「アートの力」を信じて〜「里山アート展」に想う〜

山 形 洋 一(喜多方市美術館長)

 石の彫刻家・佐藤賢太郎さんが、故郷の新潟県豊実にUターンして始めた里山アート展は、今回で8回目を迎えた。

里山を舞台にしたアートの展覧会は、里山の重要性が見直されてきたこともあって、近ごろ全国的にずいぶん増えてきたように思うが、そこに住んでいる人が主体的にかかわり継続されているケースはそれほど多くはない。

 故郷の田んぼを舞台にした佐藤さんの「里山アート展」は、新潟県の豊実という土地に特別な愛着を持つ作家ならではの挑戦であり、「アートで何ができるか」を命題に掲げての仕掛けである。

 この「里山アート展」の特徴は、プロ、アマを問わず誰でも自由に作品をつくってアートを楽しめるところにある。会場の田んぼには石や木の彫刻のほか、廃材を利用したものや初めてアートに挑戦した人の作品があり、道路にかかる橋の下には、河川敷の土を額縁状に正方形に掘り起こし、中に生えている草をそのま

ま絵画様にあしらったものもある。道路の下なので気がつきにくいが、誰でも参加できることを象徴しているような作品だ。

 田んぼの少し奥まったところには墓地があり、後ろの高見の森の陰には送電線の鉄塔があって、その先端がワンポイントのように青空に赤く映えている。小川にはメダカが遊び、ホタルの幼虫の餌になるカワニナがいる。これらを借景として、あるいはそれらに溶け込むように置かれた作品は、見る場所や方向によってさまざまな表情を見せ、現代アートで言うところのインスタレーション作品となっている。

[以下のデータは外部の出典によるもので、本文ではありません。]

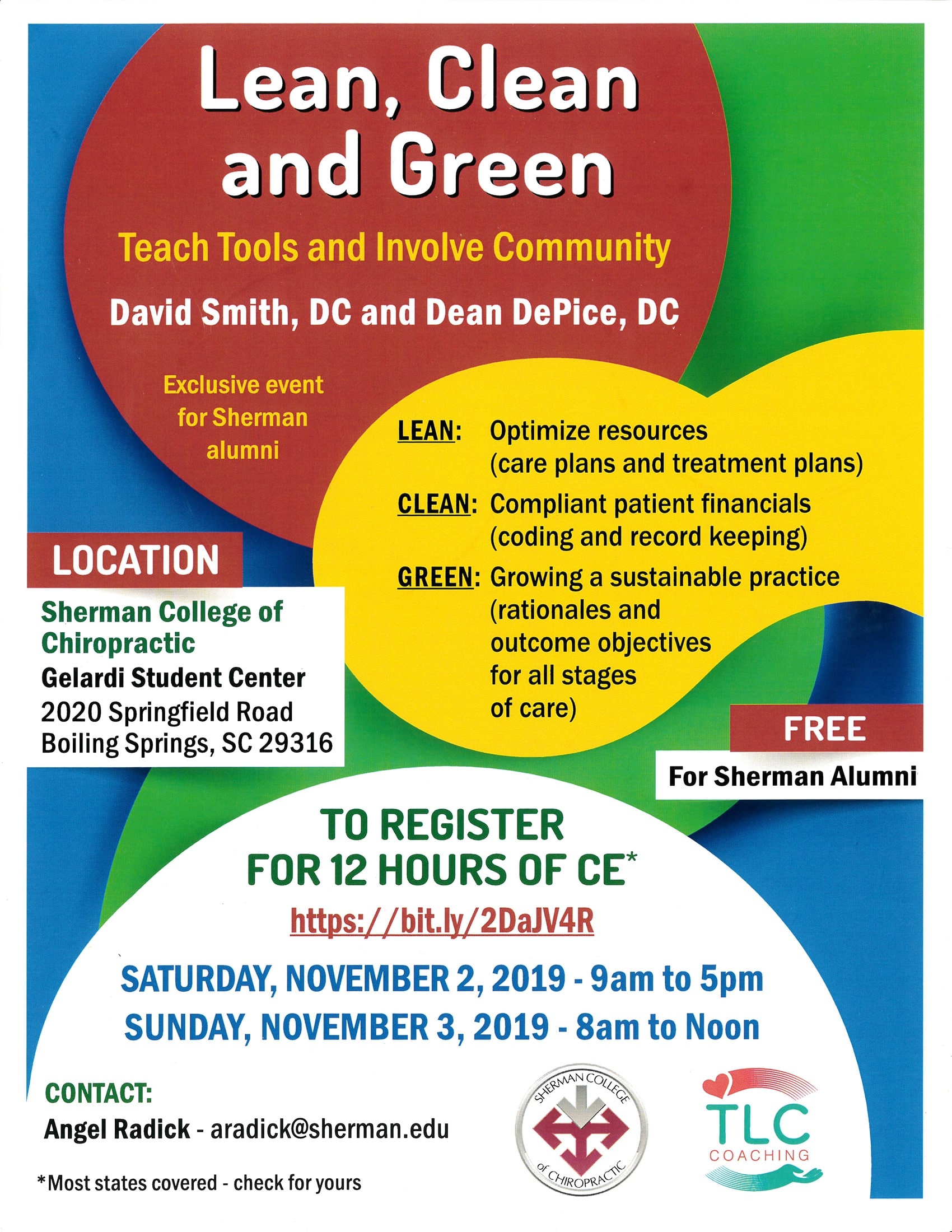 Because alumni showed an overwhelming interest in Sherman College’s Graduation Plus 10 (G10) practice success curriculum after hearing about Sherman’s partnership with TLC, Sherman College is gifting TLC’s Lean, Clean and Green program to alumni!

 この春の東日本大震災や原子力発電所の事故によって、私たちは好むと好まざるとを問わず価値観の変換を余儀なくされたし、物事の本質を見極めることの大切さも教えられた。このことはアートの分野でもしかりである。

 今回の「里山アート」のテーマは循環、再生、創造であるという。これは自然界の摂理、法則であり、本来は人間社会の鉄則でもあったはずなのに、私たちはいつの間にかこのことを忘れていた。

小学生が1人しかいないという高齢化と過疎化が進んだ豊実での「里山アート展」、継続して開催し続けることのご苦労は並大抵のことではないはずなのに、佐藤さんのお仲間をはじめ、地元の人など多くの人の参加を得て回を重ねてきた。アートを地域に根付かせようとするこれまでの取り組みは、取りも直さず、自然界の法則や人間社会の鉄則を取り戻すことの活動にほかならない。「アートで何ができるか」、その向かうところはここにあるような気がするし、それができるのがアートであり、「アートの力」であり、「里山アート展」だと信じている。